LISTEN UP.
If someone is triggered by something you’re doing and you don’t tag that and you have the indecency to even mock them for it then I can safely say that you are the lowest of the low. IDC what people ask you to tag whether it’s a situation or even something that you may not think is ‘triggering’, you do the damn thing.
If someone has said to you that that makes them uncomfortable and you just ignore that and make them feel bad for it then you my friend need to look at your life and your choices. Even if it seems small to you or it’s ‘just the internet’ then get some perspective; there are real people behind these computers with real emotions.
Get your head out of your arse and say hey howdy hey to the real world.
No, okay, look, I was just going to let this pass by but now I can’t do it.
That is not how the real world works.
The world will not tag your triggers. The world does not care if you are triggered. And by this I do not even mean ‘other people’, I mean all the much bigger things beyond this.
Sit down, let me tell you a story, children.
Once upon a time there was a Panya who was very in love with her boyfriend and they rented a condo together. And the last night of November their gas-powered water heater blew the fuck up, and burned down their condo and all the condos in the row, and they had to stand there and watch as the firefighters did everything they could.
And for over a year I was triggered by almost anything at all to do with fire. Fire alarms freaked me out. Candles. The smell of burning. I had a job, at the time. You know what happens at jobs? Fire drills.
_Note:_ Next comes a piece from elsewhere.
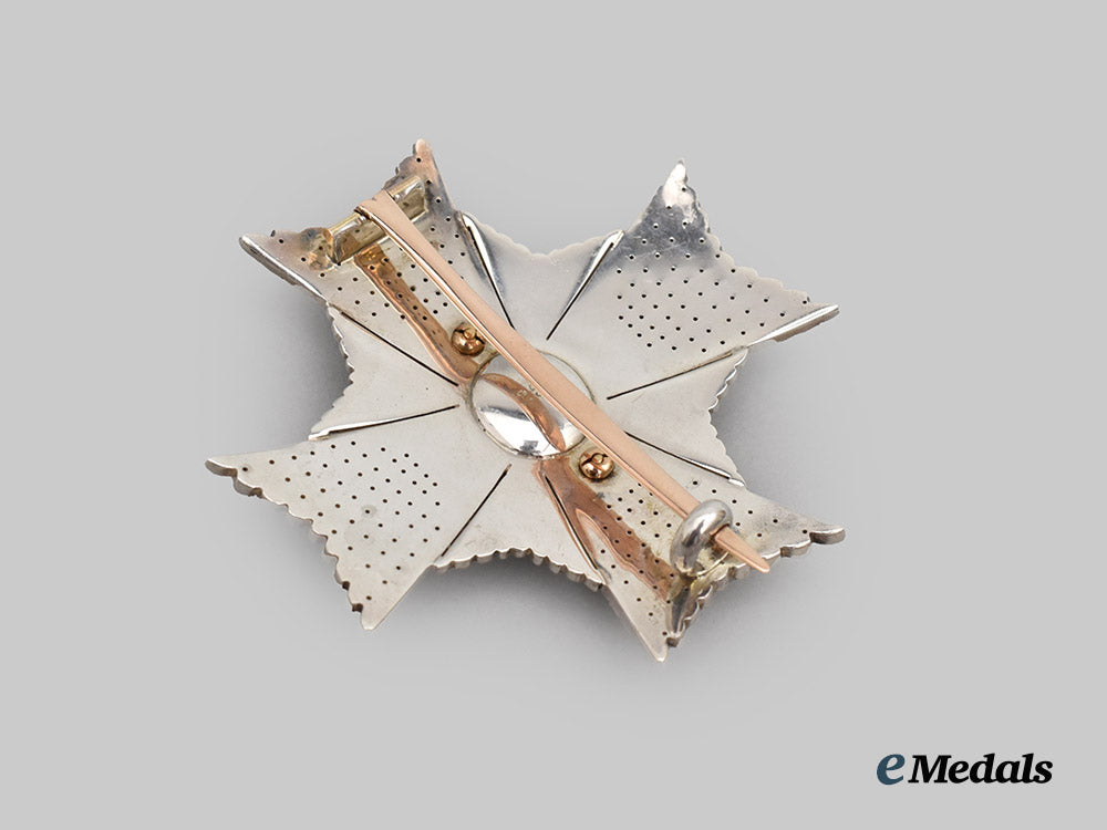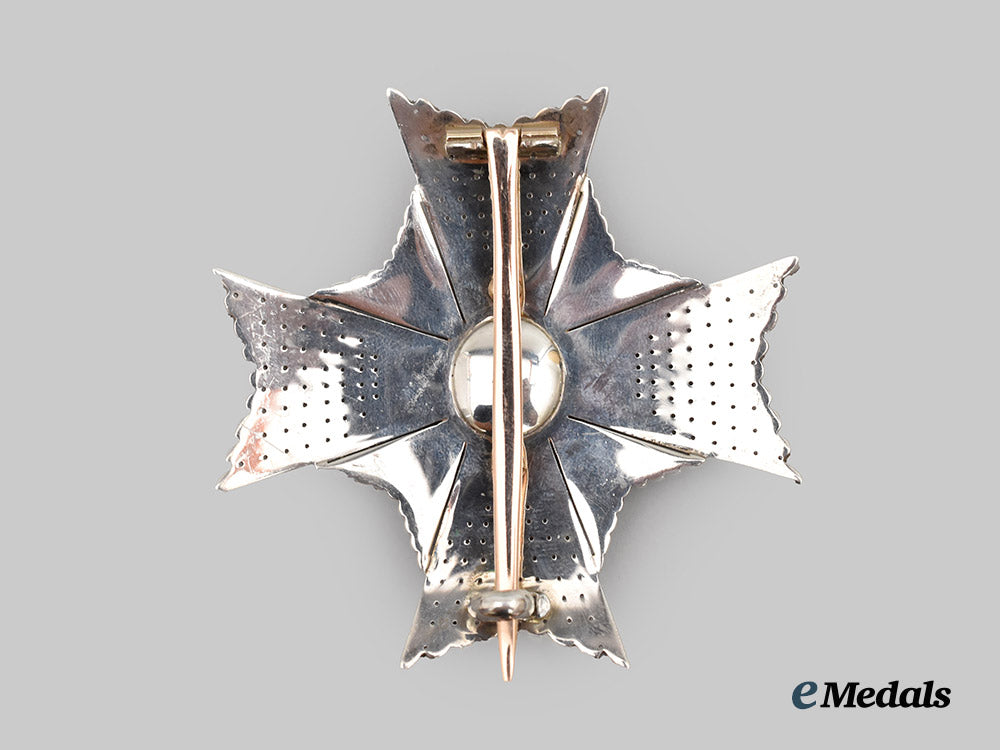 Multi-piece construction, insignia in silver gilt with red, blue and green enamels and fronting a silver cross base, affixed to a silver cross base via two Gold rivets, each of the four arms of the cross with nine faceted rays, with nine smaller faceted rays between each arm, number stamped "25" on the cartouche, measuring 73.5 mm (w) x 73.5 mm (h), Gold vertical pinback, intact enamels, extremely fine.

Every time there was a fire drill, for over a year, I had a panic attack. My co-workers knew what had happened. I /wished/ I could be warned about the fire drills — but guess what? NO. That entirely removes the point of the drill — my co-workers needed to know that if there was a real fire I was liable to freak out. And I needed to know what I would do.
No trigger warnings there.
To this day, over five years later, I still have to be cautious about certain things. F’r’ex, hibachi restaurants. I love them. My favourite place to go out to eat. Remember what they do there? The cooking show, with the fire? Yeah. Still gets me. I go anyway, and my friends know that there’s a chance I’ll freak a bit.
It’s not their responsibility to take care of my emotions. Is it nice when they do? Absolutely. Totally. I’m endlessly grateful that my friends took the time, that first couple years, to ask me was it okay to have a fire in the fireplace, to light candles, etc. I’m glad that when I go out to the hibachi restaurant with my tae kown do mates and I shriek when the fire at another table startles me (I’ve fallen over a couple times), they always ask. They always check on me. My husband holds my hand when they do the table show for us, because he knows.
It’s still not his responsibility. It’s mine. To pay attention. To be aware of the things that give me trouble, and avoid them, or work to minimize my reaction.
It is GREAT when people are willing to work with you on dealing with triggers, especially the really bad kind. But don’t shame them for being unwilling to be responsible for you. Don’t be ugly to people if they refuse to do a thing to make it easier for you — their lives and their emotions are real too, and they. Are. Not. Responsible. For. You.